FEATURE ENGINEERING IS THE KEY II. One of the holy grails of machine learning is to automate the feature engineering process. Today it is often done by automatically generating large numbers of candidate features and selecting the best by (say) their information gain with respect to the predicted class. Bear in mind that features that look irrelevant in isolation may be relevant in combination. On the other hand, running a learner with a very large number of features to find out which ones are useful in combination may be too time-consuming, or cause overfitting.

MORE DATA BEATS A CLEVERER ALGORITHM I. ML researchers are mainly concerned with creation of better learning algorithm, but pragmatically the quickest path to success is often to just get more data. This does bring up another problem, however: scalability. In most of computer science, the 2 main limited resources are time and memory. In ML, there is a 3rd one: training data. Bottleneck changed from data to time

MORE DATA BEATS A CLEVERER ALGORITHM II. Try the simplest learners first (e.g., naive Bayes before logistic regression, k-nearest neighbor before support vector machines). More sophisticated learners are seductive, but they are usually harder to use, because they have more knobs you need to turn to get good results. Learners can be divided into two major types: those whose representation has a fixed size, like linear classifiers, and those whose representation can grow with the data, like decision trees. Fixed-size learners can only take advantage of so much data. Variable-size learners can in principle learn any function given sufficient data, but in practice they may not, because of limitations of the algorithm (e.g., greedy search falls into local optima) or computational cost. Because of the curse of dimensionality, no existing amount of data may be enough. For this reason, clever algorithms — those that make the most of the data and computing resources available — often pay off in the end, provided you’re willing to put in the effort.
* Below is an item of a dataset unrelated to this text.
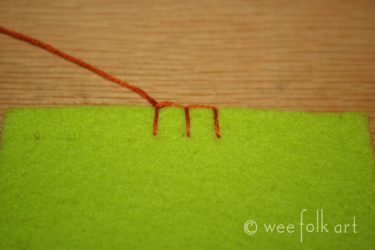 If you enter the felt on an angle, the stitches on the back will be smaller than the stitches on the front. In projects where the back of your work will be visible, it is very important to keep your stitch length consistent. In the photos below, the last stitch is the result of a needle entering the felt on an angle. NOT what we want to do 🙂

LEARN MANY MODELS, NOT JUST ONE Enasamble, ensamble, ensamble Bagging - the simplest technique, which simply generate random variations of the training set by resampling, learn a classifier on each, and combine the results by voting. This works because it greatly reduces variance while only slightly increasing bias. Boosting - training examples have weights, and these are varied so that each new classifier focuses on the examples the previous ones tended to get wrong. Stacking - the outputs of individual classifiers become the inputs of a “higher-level” learner that figures out how best to combine them.